══ Source material ══
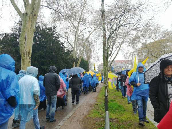 В рамках протестов на авеню Европы, где находится здание Совета Европы, был организован марш. Демонстранты преодолели километровую дистанцию, выразив требование освободить Оджалана на французском, английском, курдском и турецком языках.
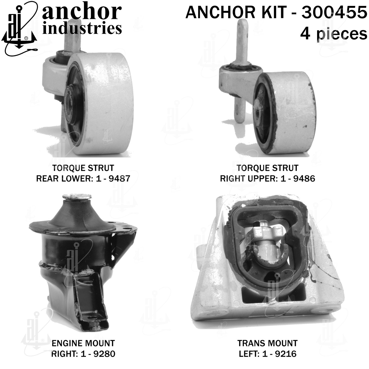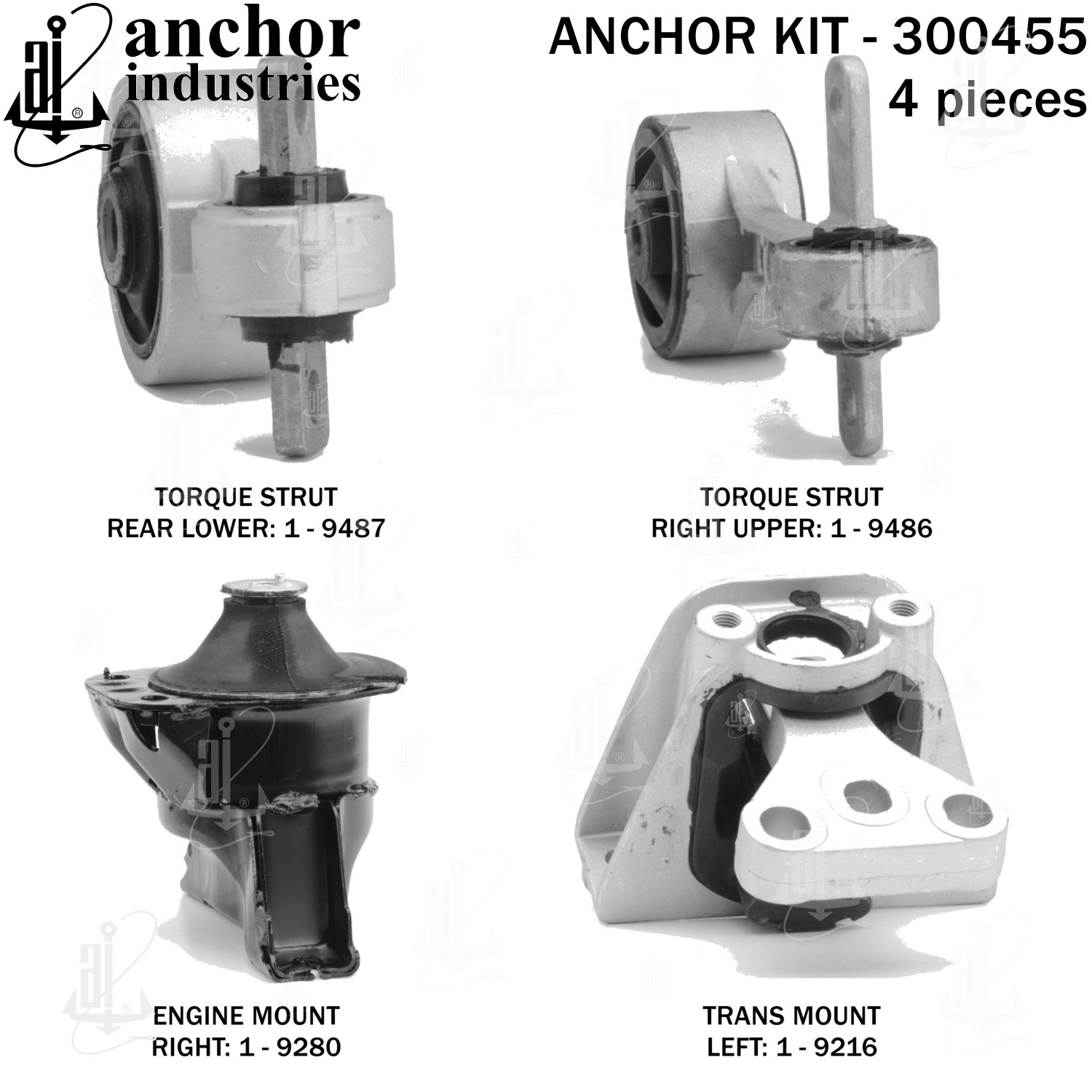 - Anchor 300455; ENGINE MNT KIT ; Each part of this kit is specifically engineered and manufactured to meet or exceed OE standards to ensure perfect fit and function. Natural and SBR rubber provide maximum life and performance. Steel fasteners are heat treated grade 5 bolts. A special bonding agent is used to ensure a rubber to metal bond. Rubber material is mixed to specific Durometer, hardness. 12 Month Warranty.
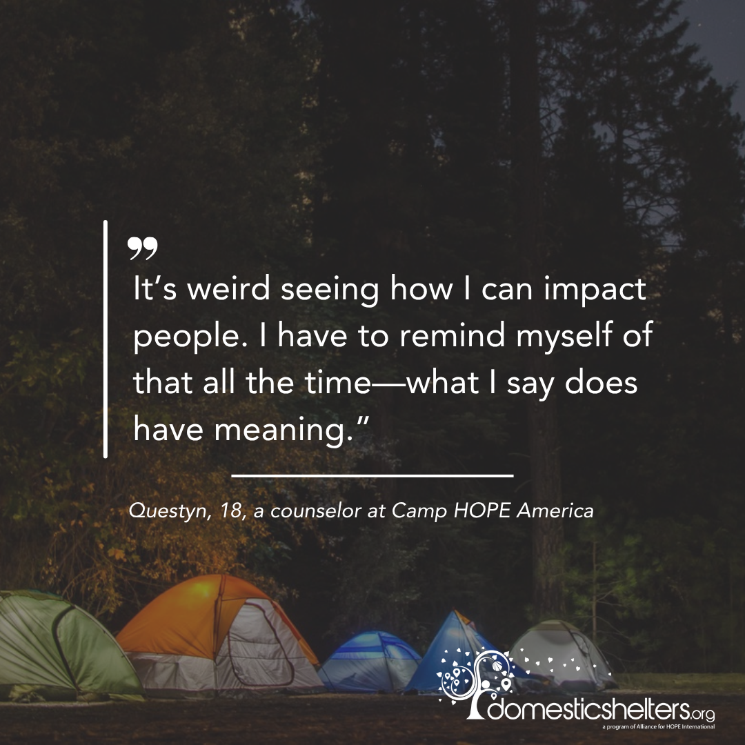 - Former camper Questyn, now a counselor, found her voice and self-worth at Camp HOPE America and is now committed to helping others do the same.
═══
**What is expected**
The material is to be written out word for word, and the pictures are to be left out.

**Solution to this problem**
 В рамках протестов на авеню Европы, где находится здание Совета Европы, был организован марш. Демонстранты преодолели километровую дистанцию, выразив требование освободить Оджалана на французском, английском, курдском и турецком языках.
 - Anchor 300455; ENGINE MNT KIT ; Each part of this kit is specifically engineered and manufactured to meet or exceed OE standards to ensure perfect fit and function. Natural and SBR rubber provide maximum life and performance. Steel fasteners are heat treated grade 5 bolts. A special bonding agent is used to ensure a rubber to metal bond. Rubber material is mixed to specific Durometer, hardness. 12 Month Warranty.
 - Former camper Questyn, now a counselor, found her voice and self-worth at Camp HOPE America and is now committed to helping others do the same.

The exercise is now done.